Similarly, starting in April 2015, the European Union (EU) issued Thailand a "yellow" card warning for illegal, unreported and unregulated (IUU) fishing, putting pressure on Thailand to clean up the industry or risk subjecting Thai fishery products to trade sanctions. Thailand has not been let off the hook as the issue of forced labour remained high on the agenda during the EU delegation's recent trip to Samut Sakhon province, the central hub of Thai fishing industries, in July 2018.

Such criticisms no doubt created adverse impacts on Thai seafood exports, which dropped from US$7 billion in 2013 to US$5.8 billion in 2017. Moreover, reports on labour rights abuses further discourage both Thai and migrant workers from working in the industry. As a result, a severe labour shortage is imminent despite the talks with migrant labour-sending countries in August this year. Thailand has not succeeded in fully securing additional labour to fill this gap. To solve the problems of human trafficking and labour shortages, the Thai government has publicised numerous steps to reverse the situation, thus attempting to make fishing employment appear more attractive to prospective migrants. In its most recent initiative, the Thai government announced its intention to ratify the International Labour Organisation Convention No.188 (Work in Fishing Convention, 2007), which was originally pledged for June 2018.

If ratified, the convention would extend protection to all fishermen in any commercial fishing vessels. This would then grant an important set of rights to fishery workers such as minimum hours of rest, provision of employment contracts in a language comprehensible to the worker, prohibition of recruitment fees, payment of wages, access to social security and medical care, as well as appropriate accommodation, food and water.

These rights would unquestionably help prevent migrant workers from exploitation by unscrupulous employers, therefore reducing instances of human trafficking. However, recently there has been domestic opposition by employer associations. While some recommended watering down the protection, others demanded the government to reject the convention altogether.

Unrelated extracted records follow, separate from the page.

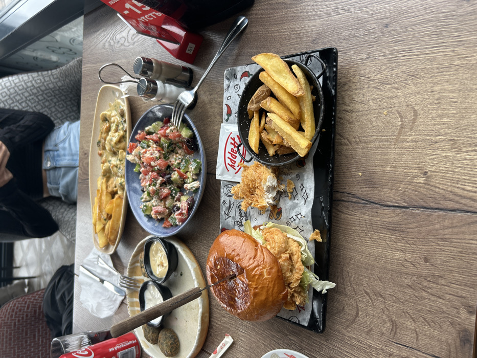 The image depicts a dining scene inside a Happy Bar & Grill restaurant in Varna, Bulgaria. The setting is a wooden-surface table with various food items and tableware. In the foreground, a large fried chicken burger with lettuce on a toasted bun is impaled with a knife and rests on black rectangular stoneware, lined with patterned paper. Adjacent to it, a small black bowl contains golden-brown potato wedges. A torn piece of fried chicken, likely from the burger, lies on the paper next to a white sachet labeled "Happy" with red lettering, indicating ketchup. To the left, a light-colored round plate holds three fried, round patties (resembling falafel) and two small white dipping bowls containing sauces (one light-colored, one light brown). A Coca-Cola glass with red branding is positioned further left. In the mid-ground, a blue bowl contains a chopped salad composed of tomatoes, cucumbers, olives, and white cheese. A silver fork rests next to this bowl. A set of salt and pepper shakers is visible, along with a red table sign with partially visible Cyrillic text, including "ЦЕНТЪР" (Center), and the number "51". Further back, a beige rectangular plate holds more potato wedges and a creamy, light-colored dish, possibly a gratin or chicken with sauce. In the background, a person is seated at a table, partially visible from the chest down. They are wearing a black long-sleeved top and light blue jeans. Their hands are clasped, holding a smartphone, suggesting interaction with the device. The background elements are blurred, showing restaurant seating with patterned upholstery and natural light from a window.
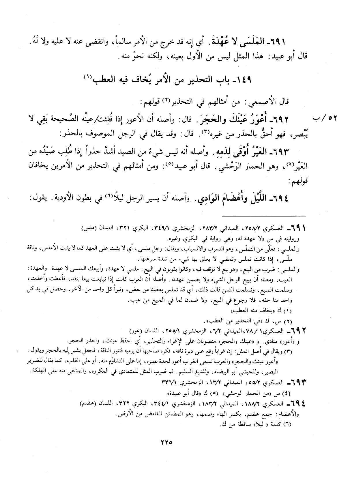 قال: واصله إنَّ الأعور إذا فقئت عينه الصحيحة بقي لا يبصر، فهو أحق بالحذر من غيره. قال: وقد يقال في الرجل الموصوف بالحذر: العير أوقى لدمه.
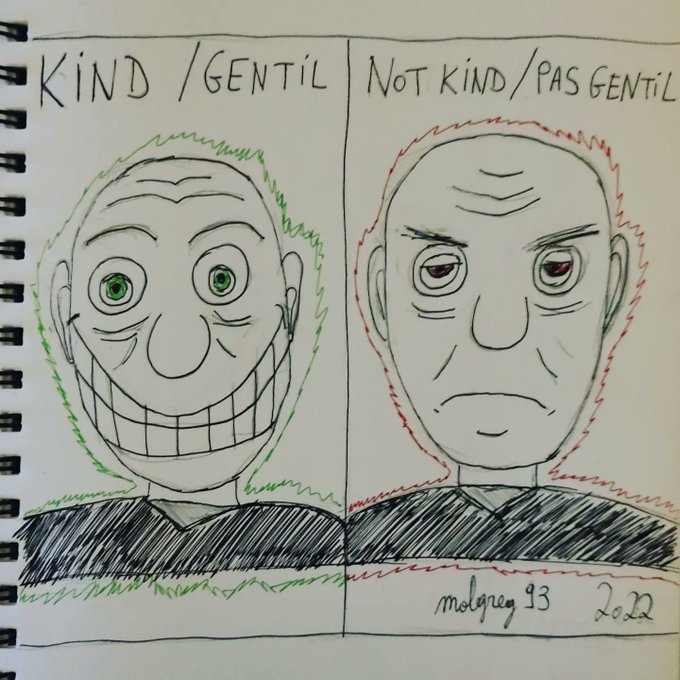 Jour 13 de l'INKTOBER ! Le thème du jour : "Kind/Gentil"! Et pour l'occaz, je voulais rendre hommage au fameux meme "Content/Pas Content" de Hank Schrader/Dean Norris 🤣 instagram.com/p/CjqWJQLqJfv/… #inktober #inktober2022 #kind #cartoons #drawing #hankschrader #deannorris #Memes

In contrast, a coalition of civil society organisations (CSOs) speaking on the behalf of migrant workers has already voiced their objection to the call made by employer associations. The coalition's ultimate goal is to secure those rights as outlined in the convention.

Thailand is again at a critical juncture. The domestic debates seem to stall the ratification process. Nevertheless, it is important to note that CSOs in the meantime can push the Thai government to pursue the protection for migrant workers through existing, however piecemeal, laws and regulations that have already granted some rights similar to those contained in the convention.

Such existing laws include the prohibition of fees collected from migrant workers, as stipulated in the 2017 Royal Ordinance on Foreign Workers Management; the guarantee of wage payment, rest hours and employment contracts as specified in the 2014 and 2018 Ministerial Regulations Concerning Labour Protection in Sea Fishery Work; and, the well-being of fishermen, as outlined in the 2016 Ministerial Regulation on the Occupational Safety, Health and Welfare System of Fisheries Workers.

Although these regulations are prescribed with some exceptions depending on the size and volume of the fishing vessel, there is no justification for any delay in the effective enforcement of such laws. Since early 2018, the Thai government has been eager to officially declare the country "IUU-free". Without a doubt, this should also mean Thai seafood are free from exploited labour. The adoption of the convention, and its effective implementation, will go a long way in helping Thailand achieve this goal.

The final decision on the convention ratification rests with the Thai government. This will send a clear message to the international community regarding the sincerity of Thailand's latest reforms on migrant worker protection.

Ruji Auethavornpipat, PhD Candidate, Department of International Relations, Coral Bell School of Asia Pacific Affairs, Australian National University.